Gästbloggaren Derek Melber, Active Directory MVP, berättar om hur den interna säkerheten kan stärkas genom bra rutiner vid skapande av nya konton i Active Directory.
It is 8am Monday morning. You, the Active Directory administrator, receive a stack of papers for the new employees of the week. You proceed to create the 12 new users. You proceed to ensure the first name, last name, and logon names are correct.
You also input the password for new users, which is NewHire01. After you create all 12 user accounts, you proceed to configure the details for each account, including group membership, home drive, telephone number, and department.
You complete the task by 8:20am and move on to the rest of your day. You have done this every week for the past 10 years and think nothing of the “setup” you just created for the disgruntled employee that is working in the engineering department.
I hope you see the glaring error in the setup of the 12 new user accounts. Do you?
If you don’t, let me fill you in on a couple of key facts regarding Active Directory to help guide you to the answer:
Every user account in Active Directory has read access to all of Active Directory. This includes group membership, organizational unit contents, and user properties.

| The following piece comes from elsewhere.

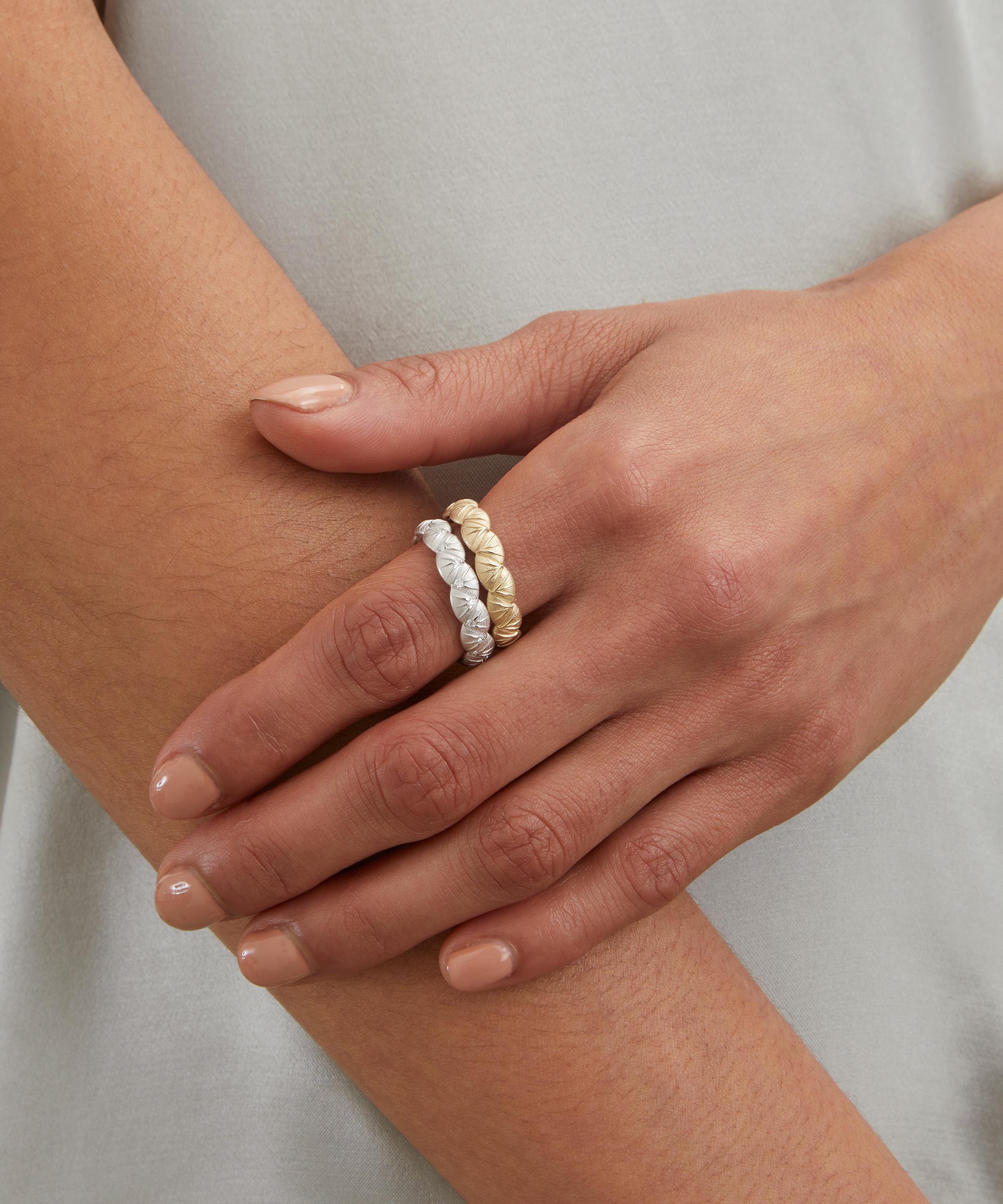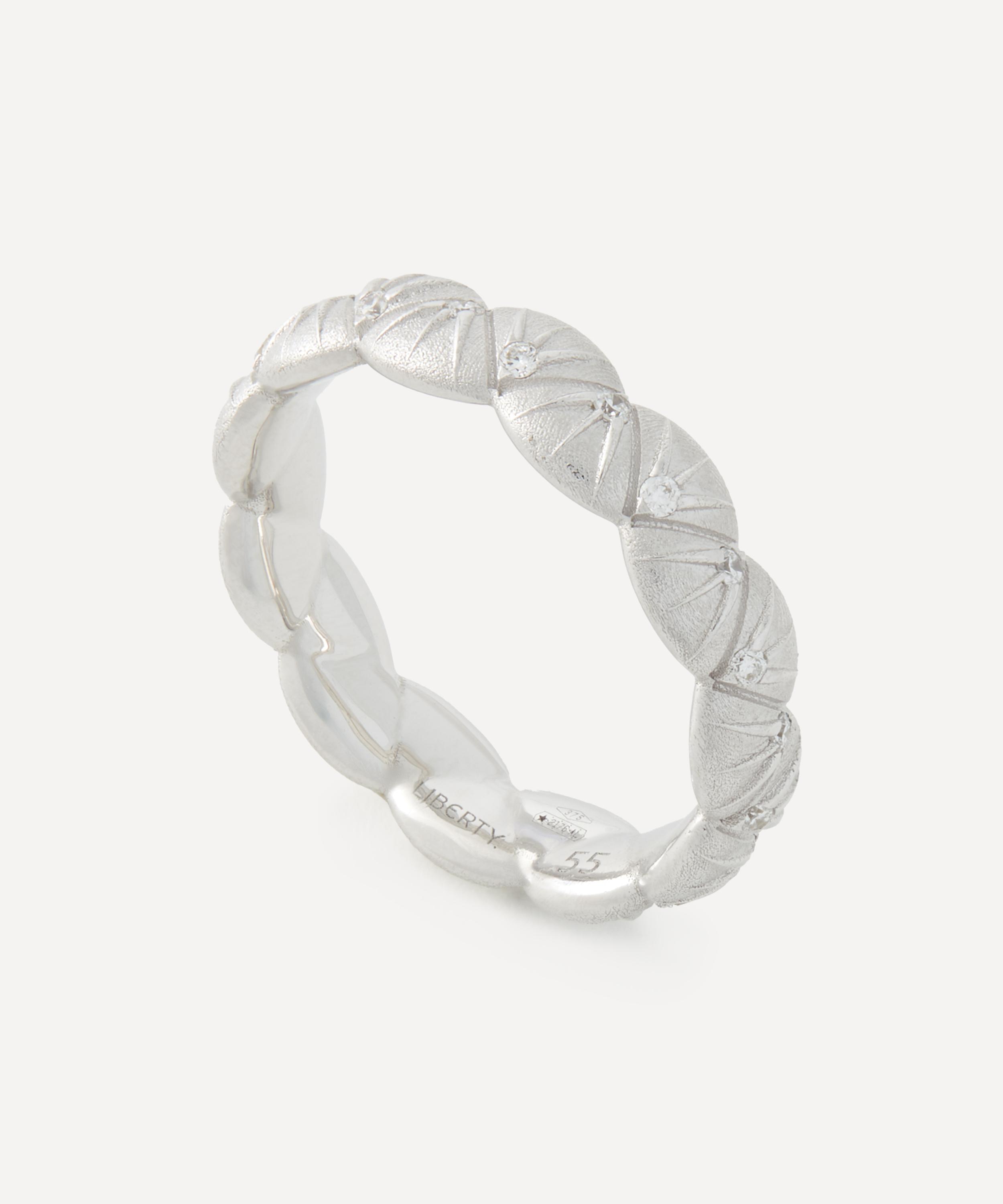 Crafted from 9ct white gold, it’s meticulously fashioned to emulate our Fanfare print – a sophisticated geometric pattern featuring a scalloped arrangement of Asian-style fan motifs. Boasting an elegant modern heirloom that pays tribute to Liberty’s collector spirit, style it solo, mix and match with other rings from your own collection, or try stacking it with the 9ct gold version for an eye-catching, two-tone look.

Any user can attempt to logon as any other user.
There is a user account property that indicates if a user has logged in before or not.
Have a clue yet?
Every user in Active Directory can logon as a newly created user because they know the username and password! Once logged on, they will have access to every resource that their group membership allows them to access.
Ideally, a random password needs to be used for every newly created user account. This means that no one, except for the user account creator and the new employee knows the password. Once the random password is used to logon, the user is forced to input their own password. Therefore, the random password is only valid for a single use.